Although the overall reaction from the general public will be good, and the overall size will be the key to the potential success, it begs the question of whether the Scotsman has had a knee-jerk reaction following the Independent and has not given this new size and layout enough development time before launching.

Journalist’s Review

John Penman, Business & Finance Editor,

The Scottish Daily Record & Sunday Mail.

The tabloid Scotsman, and I use the word advisedly because my old paper, Business a.m., was a compact and the half-size Scotsman is not, made me do something very unusual – I bought it.

But that’s where the innovation stopped.

The front page was a mess, with too much text at the bottom and very little space to puff the important weekend package. The splash was lost and the front-page picture a bad choice. That’s less of a problem for a broadsheet but crucial to a tabloid.

The news pages, however, were bright and pacy, but I couldn’t help but feel they reminded me of something and then I got it – the Edinburgh Evening News. The tabloid Scotsman feels like a local paper, which I’m pretty sure wasn’t the aim. There was too little variety and having foreign and local pages well after the leader page was positively bizarre.

The sports section worked very well though; much stronger looking than the broadsheet version and the features really stood out.

The Saturday choice is odd because it’s the one day when being a broadsheet isn’t a pain. Commuters want convenience when they are commuting so I’m not sure what the feedback will tell them.

That said, there’s no going back. You can’t make the product easier to use and then revert to awkwardness.

Despite pleadings that this is a revolution, I’m afraid it smacks of desperation. So, come on boys, why not go the whole hog and rename it the Wee Scottie?

Media Buyer’s Review

Anne MacLean, Research Manager,

Feather Brooksbank.

There is no doubt that tabloids – sorry, compacts – are the way forward. The Scotsman’s move to test Saturdays is good – people expect their weekend paper to be a more entertaining read and the paper feels extremely substantial and very much value for money. The index on page two is good: really clean and inviting. Not sure about the front page, which isn’t terribly appealing and the layout of the whole paper is definitely different. On the sports side, I would prefer a separate section rather than a centre pullout.

It does appear that there is a lot less colour in the main paper.
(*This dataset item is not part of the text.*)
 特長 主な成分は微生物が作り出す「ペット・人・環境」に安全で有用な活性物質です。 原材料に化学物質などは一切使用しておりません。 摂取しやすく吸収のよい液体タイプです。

Having five mono spreads together at the front of the paper makes it appear rather dull: or is this to give it gravitas?

Why leave @the Weekend as a broadsheet format? Is this to distance it from existing tabloids?
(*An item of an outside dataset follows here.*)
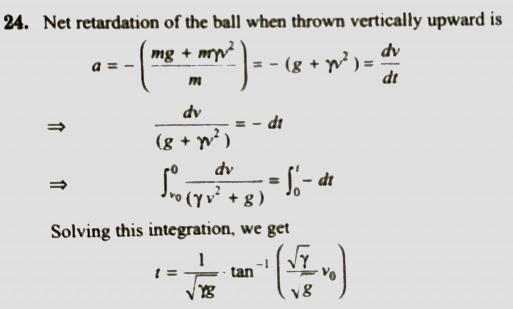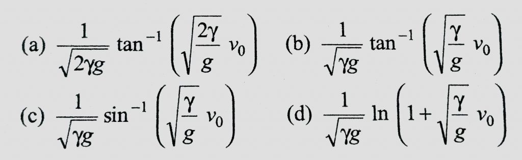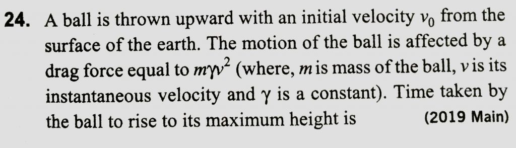 A ball is thrown upward with an initial velocity V 0 from the surface of the earth. The motion of the ball is affected by a drag force equal to mγv 2 (where m is mass of the ball, v is its instantaneous velocity and γ is a constant). Time taken by the ball to rise to its maximum height is

Putting West of Scotland news at the back seems like a real sop to Weegies: its previous position looked more of an integral part of the paper, now it makes it hard to argue that the Scotsman’s got national aspirations.

From an advertising point of view, the fact that there are more pages should lead to less stacking of ads – so what happened on page 10?

There’s no disputing the fact that the quality press has been hit hard in circulation terms, and the signs from the Times and Indie compact editions are promising. Top marks to the Scotsman for getting there first in Scotland.